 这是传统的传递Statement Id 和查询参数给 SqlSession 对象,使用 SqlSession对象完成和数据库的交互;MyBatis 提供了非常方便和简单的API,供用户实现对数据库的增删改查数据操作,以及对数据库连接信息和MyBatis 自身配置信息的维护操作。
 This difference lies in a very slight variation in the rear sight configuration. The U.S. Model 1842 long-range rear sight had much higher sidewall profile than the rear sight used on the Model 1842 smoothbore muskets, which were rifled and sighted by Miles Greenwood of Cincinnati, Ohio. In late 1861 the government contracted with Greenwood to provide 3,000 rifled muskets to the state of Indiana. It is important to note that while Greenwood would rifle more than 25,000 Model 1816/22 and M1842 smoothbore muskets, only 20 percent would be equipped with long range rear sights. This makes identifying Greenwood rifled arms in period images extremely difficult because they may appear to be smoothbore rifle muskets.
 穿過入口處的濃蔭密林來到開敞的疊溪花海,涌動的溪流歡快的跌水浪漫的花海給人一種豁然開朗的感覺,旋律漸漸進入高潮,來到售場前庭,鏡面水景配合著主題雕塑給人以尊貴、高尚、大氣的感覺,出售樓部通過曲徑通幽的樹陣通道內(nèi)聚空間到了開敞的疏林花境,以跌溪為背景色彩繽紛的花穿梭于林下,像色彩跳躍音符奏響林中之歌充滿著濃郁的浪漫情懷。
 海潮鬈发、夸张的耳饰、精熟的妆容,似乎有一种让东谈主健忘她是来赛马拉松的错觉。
--
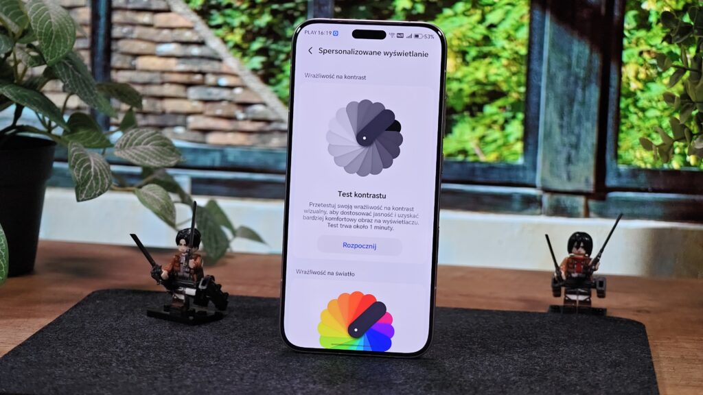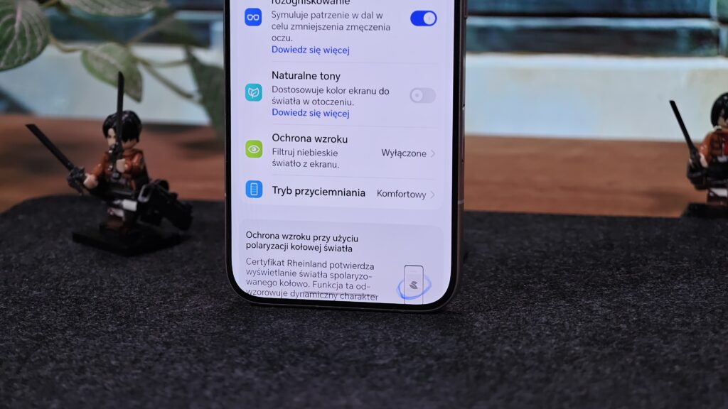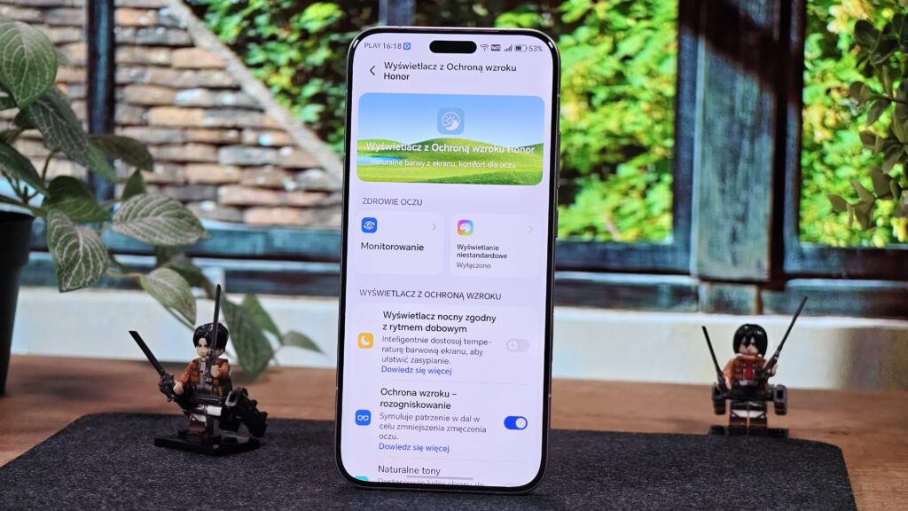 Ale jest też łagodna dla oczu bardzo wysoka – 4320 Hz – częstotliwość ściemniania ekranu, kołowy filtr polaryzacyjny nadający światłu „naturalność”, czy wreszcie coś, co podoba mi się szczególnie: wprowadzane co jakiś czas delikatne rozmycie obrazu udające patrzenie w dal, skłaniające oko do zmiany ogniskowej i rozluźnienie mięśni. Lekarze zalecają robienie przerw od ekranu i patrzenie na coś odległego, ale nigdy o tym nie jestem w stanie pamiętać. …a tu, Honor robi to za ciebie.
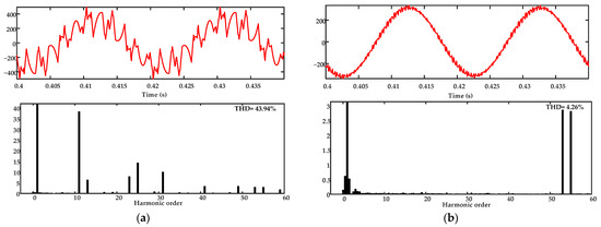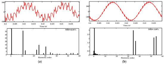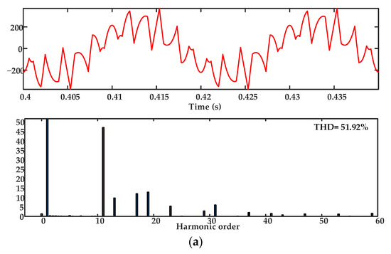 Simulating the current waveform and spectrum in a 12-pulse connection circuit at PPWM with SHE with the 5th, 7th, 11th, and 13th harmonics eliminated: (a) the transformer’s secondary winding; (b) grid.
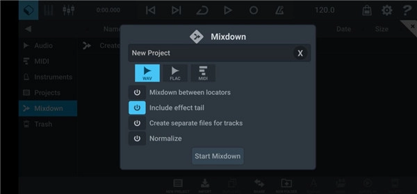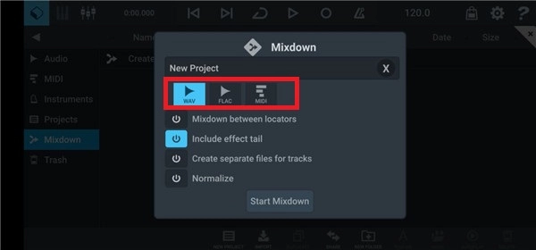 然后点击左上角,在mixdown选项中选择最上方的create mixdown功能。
==
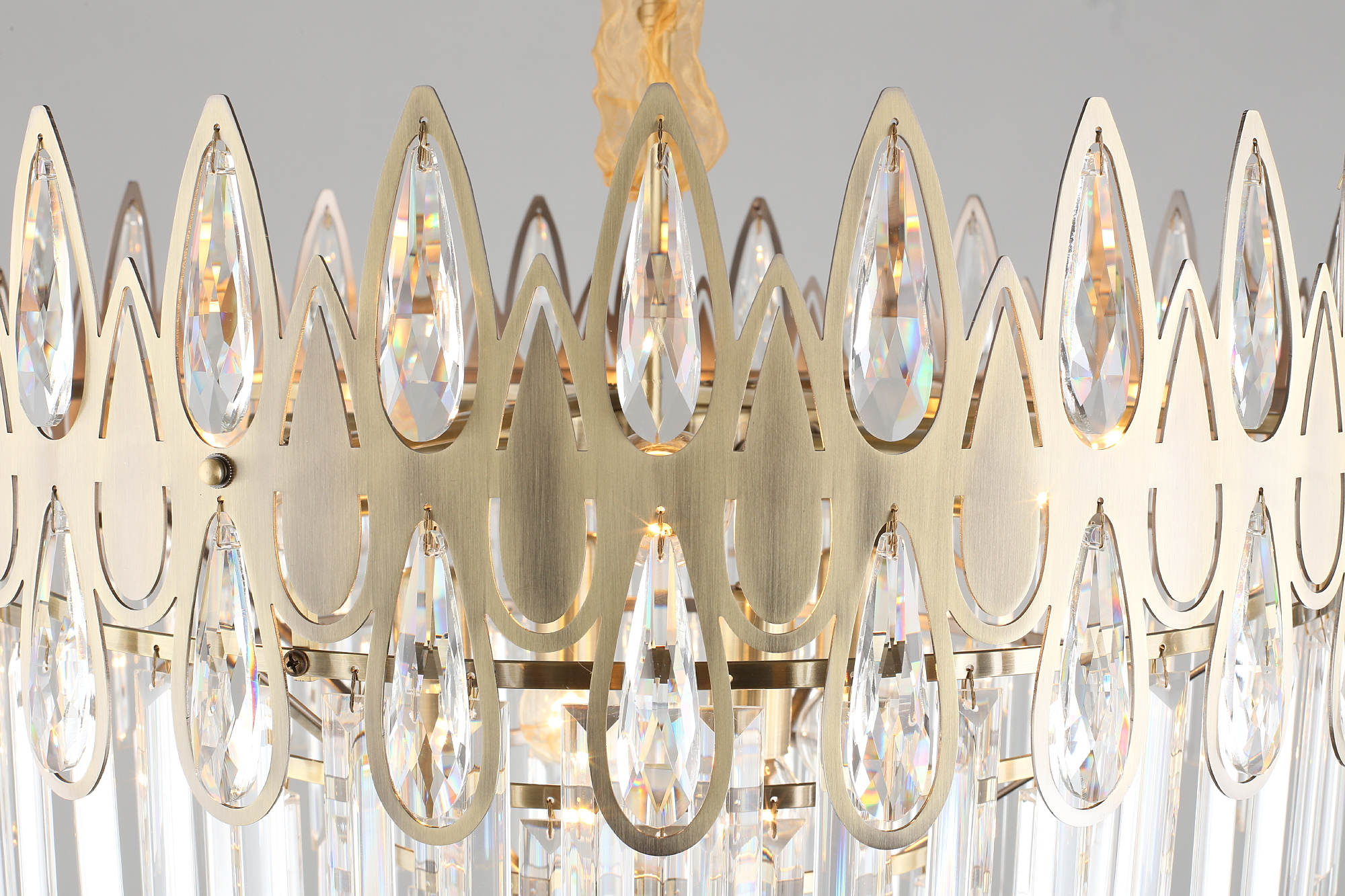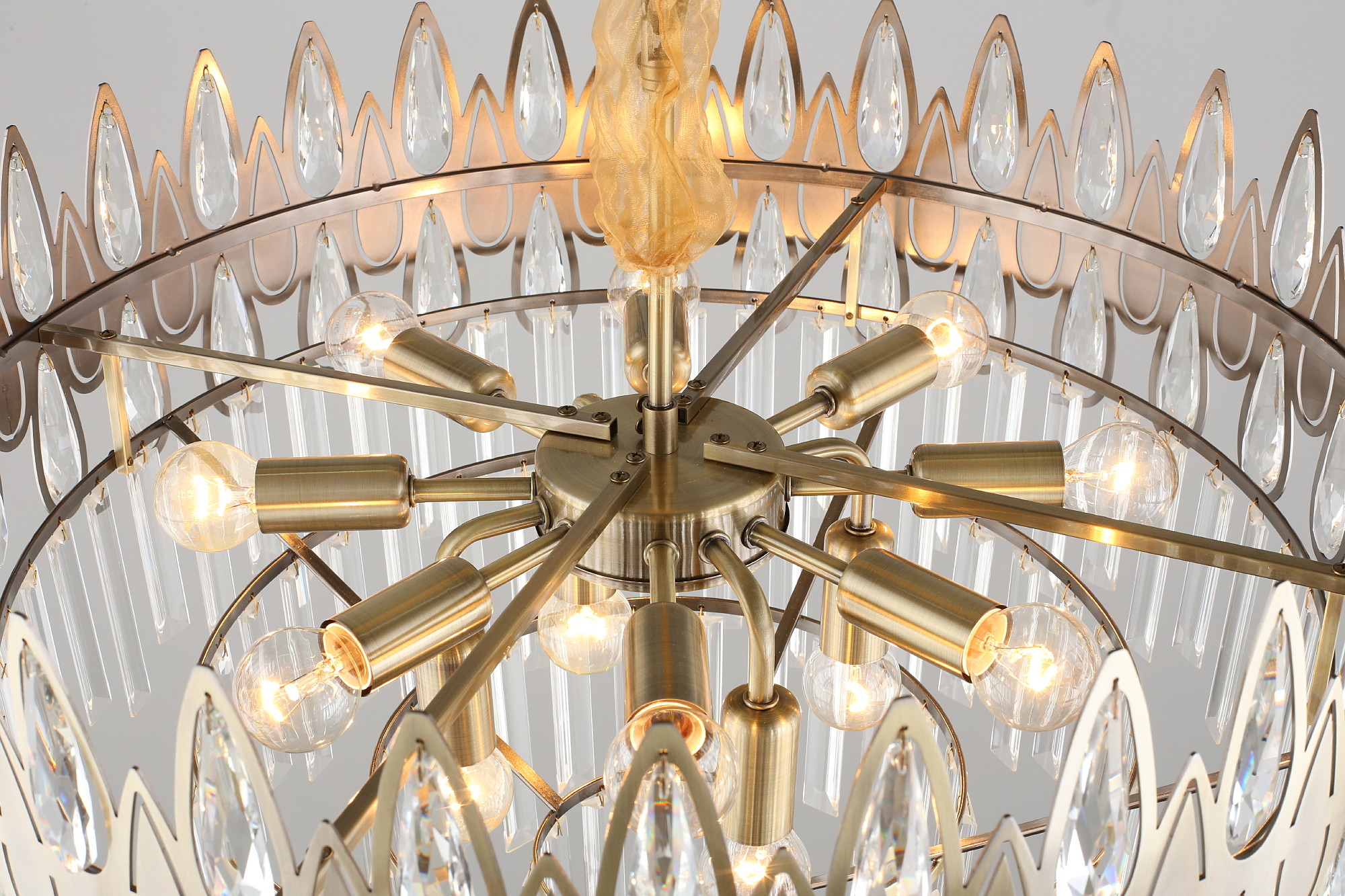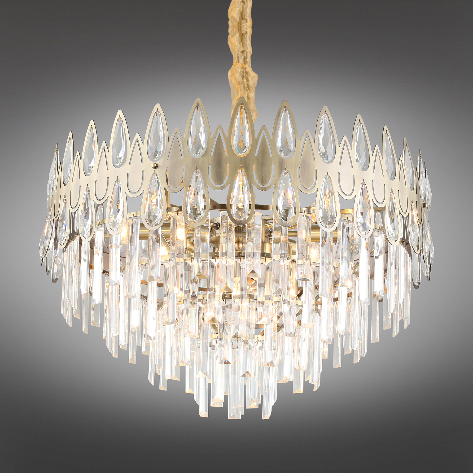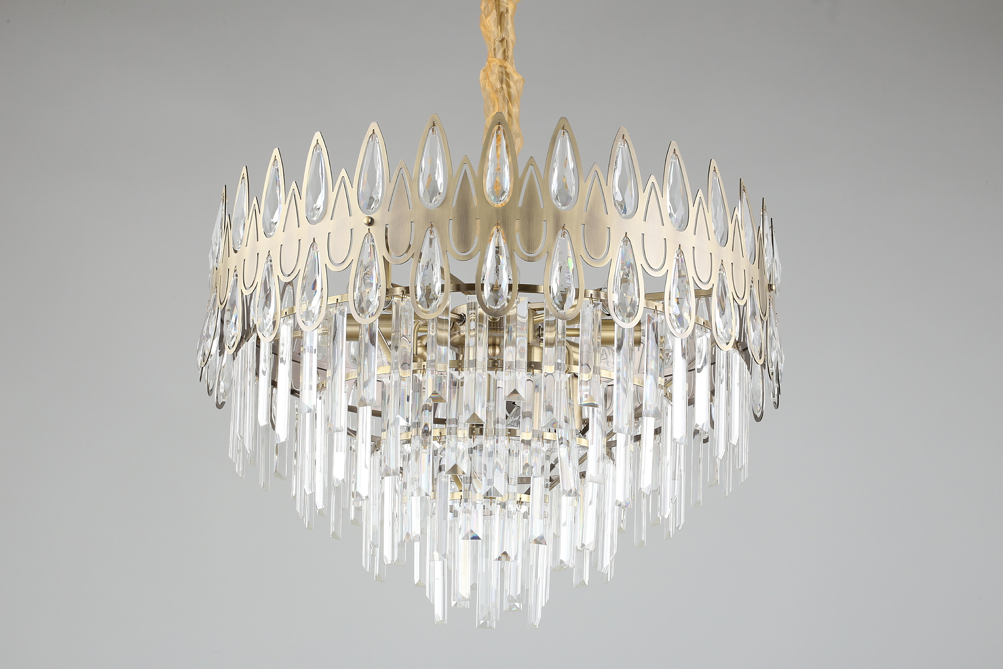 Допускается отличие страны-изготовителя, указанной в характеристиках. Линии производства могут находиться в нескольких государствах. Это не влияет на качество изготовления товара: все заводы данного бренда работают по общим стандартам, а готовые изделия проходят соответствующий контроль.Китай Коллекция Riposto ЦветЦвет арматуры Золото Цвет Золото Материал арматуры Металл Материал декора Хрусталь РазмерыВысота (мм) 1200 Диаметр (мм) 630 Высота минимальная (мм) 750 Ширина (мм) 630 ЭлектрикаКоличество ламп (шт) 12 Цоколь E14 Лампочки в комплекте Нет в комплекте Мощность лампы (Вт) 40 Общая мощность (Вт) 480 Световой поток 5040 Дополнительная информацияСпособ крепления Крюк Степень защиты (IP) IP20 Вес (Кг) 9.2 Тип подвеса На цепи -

=== Work task ===
Beginning with the line above that has "Simulating the current" and going on through the line that has "然后点击左上角,在mixdo", retype every line exactly and add nothing else; drop the pictures.

=== Task solution ===
 Simulating the current waveform and spectrum in a 12-pulse connection circuit at PPWM with SHE with the 5th, 7th, 11th, and 13th harmonics eliminated: (a) the transformer’s secondary winding; (b) grid.
 然后点击左上角,在mixdown选项中选择最上方的create mixdown功能。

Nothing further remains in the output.